Recorded data:
────

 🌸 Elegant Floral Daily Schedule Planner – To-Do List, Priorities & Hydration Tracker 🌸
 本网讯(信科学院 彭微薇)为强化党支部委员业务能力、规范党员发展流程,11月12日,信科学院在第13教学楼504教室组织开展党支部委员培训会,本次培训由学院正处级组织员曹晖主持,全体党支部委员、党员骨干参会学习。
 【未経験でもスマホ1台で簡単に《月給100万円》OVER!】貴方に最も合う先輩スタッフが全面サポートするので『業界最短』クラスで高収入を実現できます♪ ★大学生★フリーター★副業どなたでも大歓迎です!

────

What to do:
Everything in the listing above should be duplicated exactly.

Answer below:
 🌸 Elegant Floral Daily Schedule Planner – To-Do List, Priorities & Hydration Tracker 🌸
 本网讯(信科学院 彭微薇)为强化党支部委员业务能力、规范党员发展流程,11月12日,信科学院在第13教学楼504教室组织开展党支部委员培训会,本次培训由学院正处级组织员曹晖主持,全体党支部委员、党员骨干参会学习。
 【未経験でもスマホ1台で簡単に《月給100万円》OVER!】貴方に最も合う先輩スタッフが全面サポートするので『業界最短』クラスで高収入を実現できます♪ ★大学生★フリーター★副業どなたでも大歓迎です!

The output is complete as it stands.